IMO, there needs to be clearance on both sides from front to back.
I was shooting my .243 the other day and it looked like a house wren could make a nest between the forearm and the barrel, but it shoots good!
BTW, this is what I was talking about on the barrel lug not being flat. I did this in 2004 on
this 17 page thread.
OK, here's what I think I have found out. The barrel stud is the only thing making contact on my forearm. #1 son got after it today with a die grinder and relieved the material in the forearm to ensure it was free floating. After that we took some Prussian Blue and shot that in the forearm to see what was contacting. There was a very thin line of blue on the barrel stud and that was all! Maybe you can see this good enough to tell what I'm talking about.
The barrel on the left is the .223 barrel that has had the contact surface cleaned up with a file (the Prussian blue should be visible).

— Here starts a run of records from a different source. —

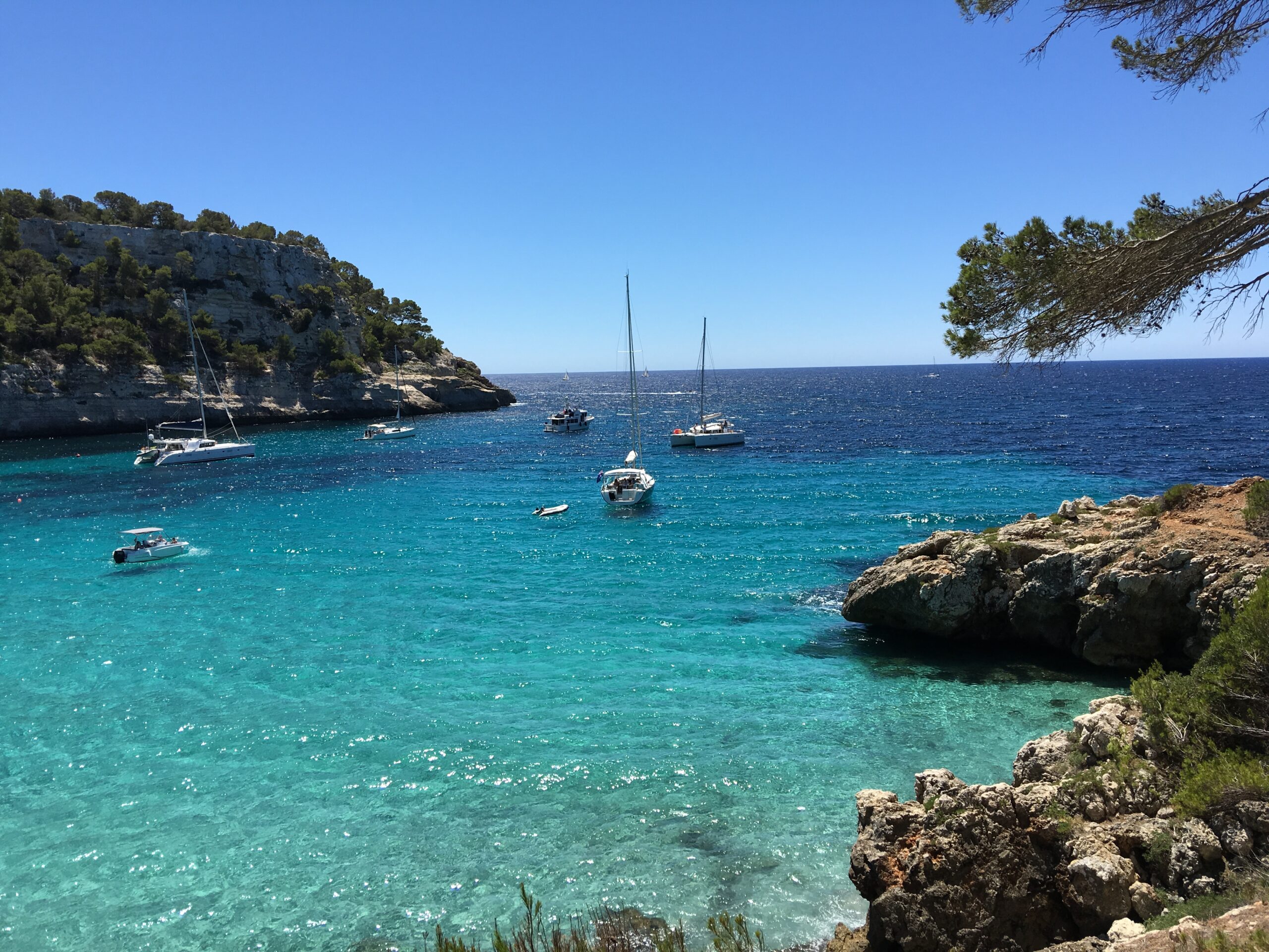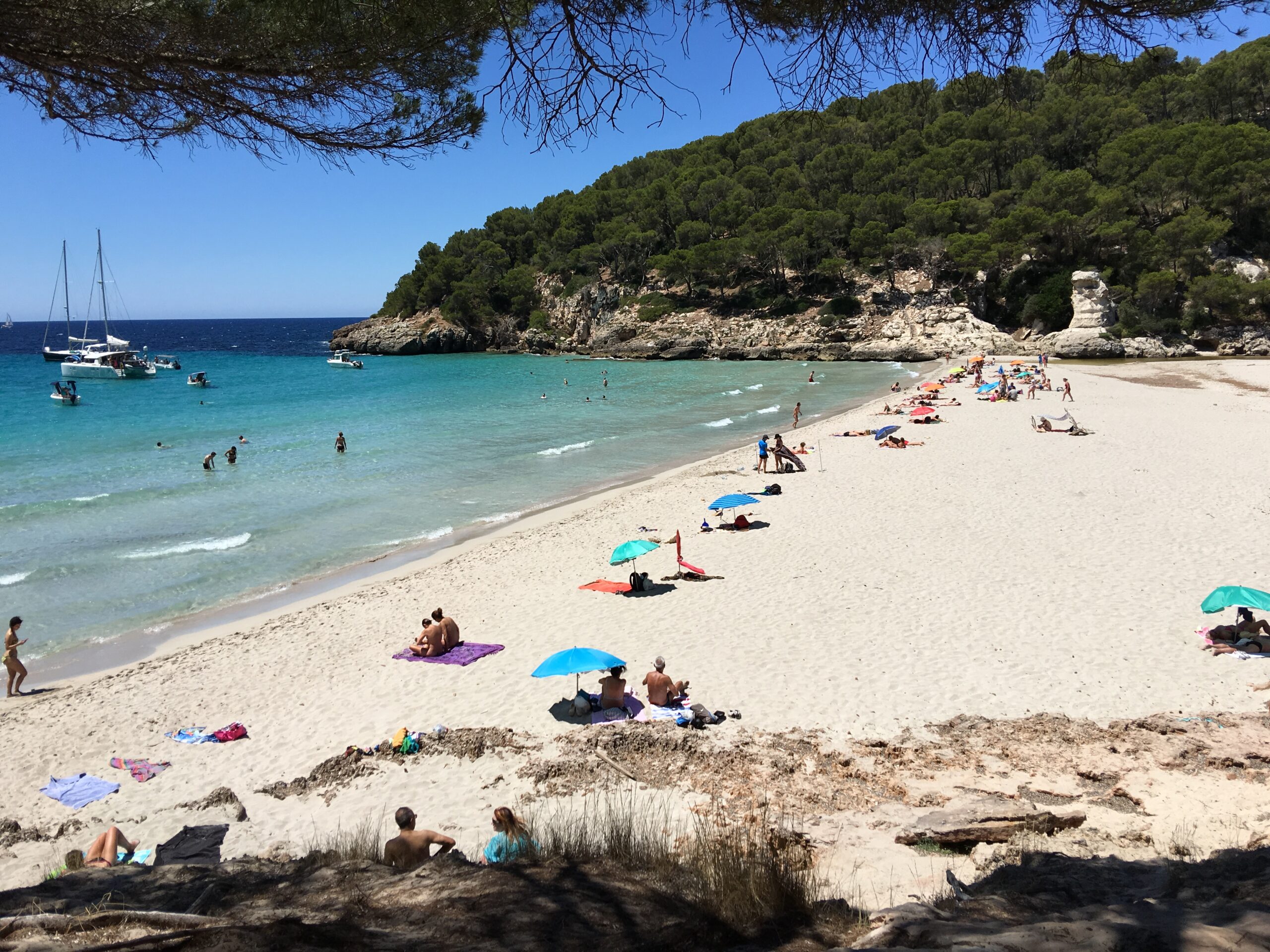 Trebaluger beach is an idyllic paradise, location on the south coast in the Es Migjorn region of Menorca. it’s a medium sized beach with gorgeous soft sand with clear turquoise coloured sea and flanked by hills of sweet smelling pine trees.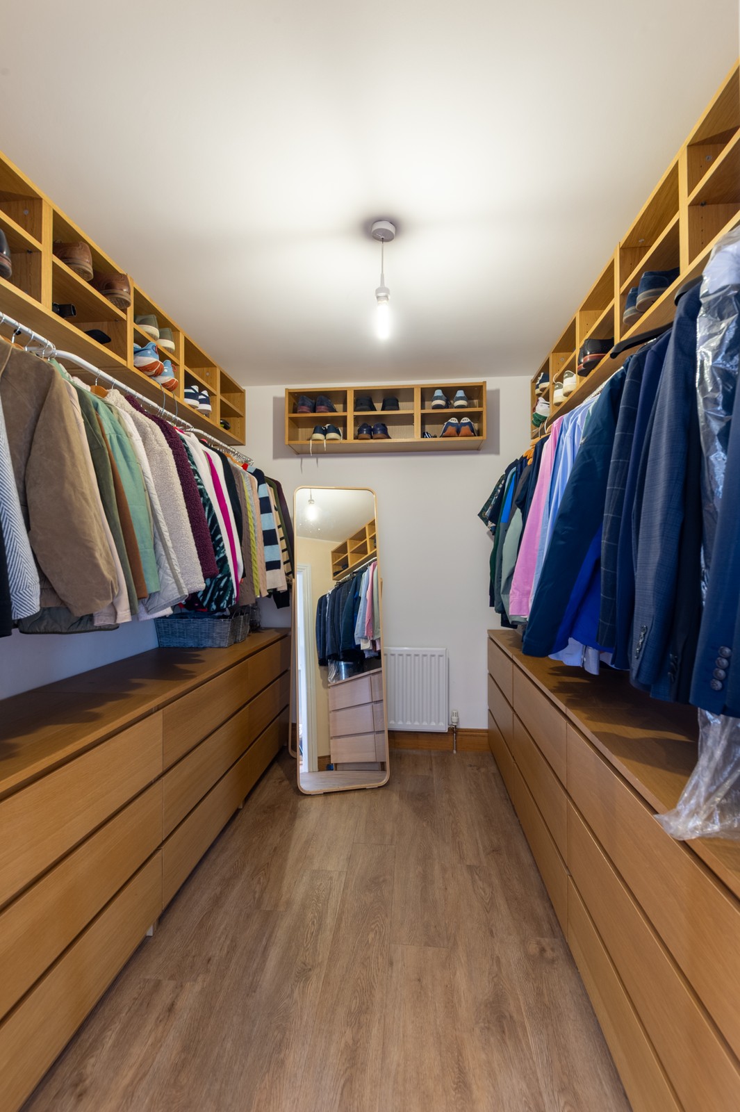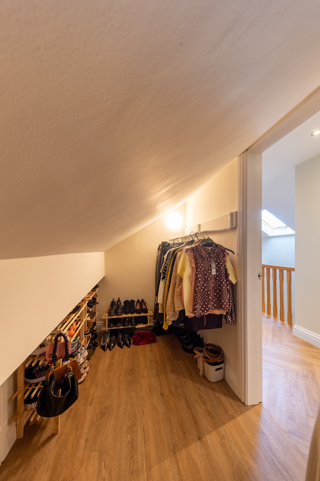 Wooden LVT flooring, ceiling spotlights and useful storage within the eaves.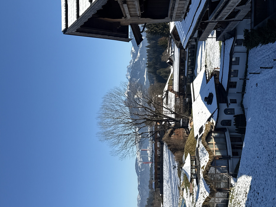 The image depicts a snow-covered alpine landscape in Going am Wilden Kaiser, Austria, under a clear, unclouded blue sky. In the immediate foreground to the right, a section of a multi-story traditional wooden building with a dark, snow-dusted gabled roof and ornate carved wooden balconies is visible. The midground features a cluster of buildings partially covered in snow. A prominent structure exhibits a curved facade with extensive glazing, a textured, possibly grass-covered or thatched roof, and is partially set into a snowy slope. Adjacent are white-walled buildings with dark, snow-covered roofs. A small, white hexagonal gazebo with a dark conical roof topped by a weathervane is situated in the lower-left midground. A large, bare deciduous tree stands centrally, its branches reaching towards the sky. The ground throughout the scene is covered in a layer of white snow, with some patches of brown vegetation visible. In the background, a large, elongated building with multiple snow-covered sections extends horizontally on a distant snowy incline. Further in the distance, a dense coniferous forest line transitions to rugged, snow-capped mountains of the Wilder Kaiser range. On the distant left horizon, behind the elongated building, three tall, red-and-white striped industrial chimneys rise prominently. The scene is illuminated by bright sunlight, casting distinct shadows. No individuals or animate subjects are present.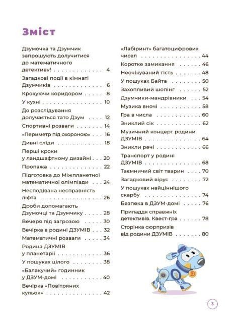 Нумо вивчати математику разом із родиною ДЗУМів, які живуть у сучасному світі поруч із такими незвичними родичами як: Комп-дідусь, Бабуся Флешка, Дядько Коптер, Тітка Камера та іншими друзями-гаджетами. Перед ними постає непроста задача — допомогти маленьким Дзумчику та Дзумочці підготуватися до школи та опанувати 33 перші навички математики.Що будемо вивчати? Цифри й числа від 0 до 10, орієнтування в просторі (попереду – позаду, близько – далеко, ліворуч – праворуч, тощо), геометричні фігури та форми, величину предметів (товстий – тонкий, велике – маленьке, високий – низький тощо), пори року й дні тижня, та ще багато цікавого!

The right barrel is the .357 and the contact surface is rounded so there is a very slight ring that is the contact surface. (I guess I had too much zoom for it to be very clear)
Here is where I have cleaned up the contact surface on the .357 barrel. If you enlarge it you can see Prussian blue all the way around the the widened and flattened surface.
This is both barrels side by side after both have had the surface cleaned up.
The problem with the lug being rounded was that it would allow the forearm to "rock" instead of being stationary. If it moves, all the floating in the world probably won't help, because the forearm can shift from side to side and that changes the barrel clearance every time it moves.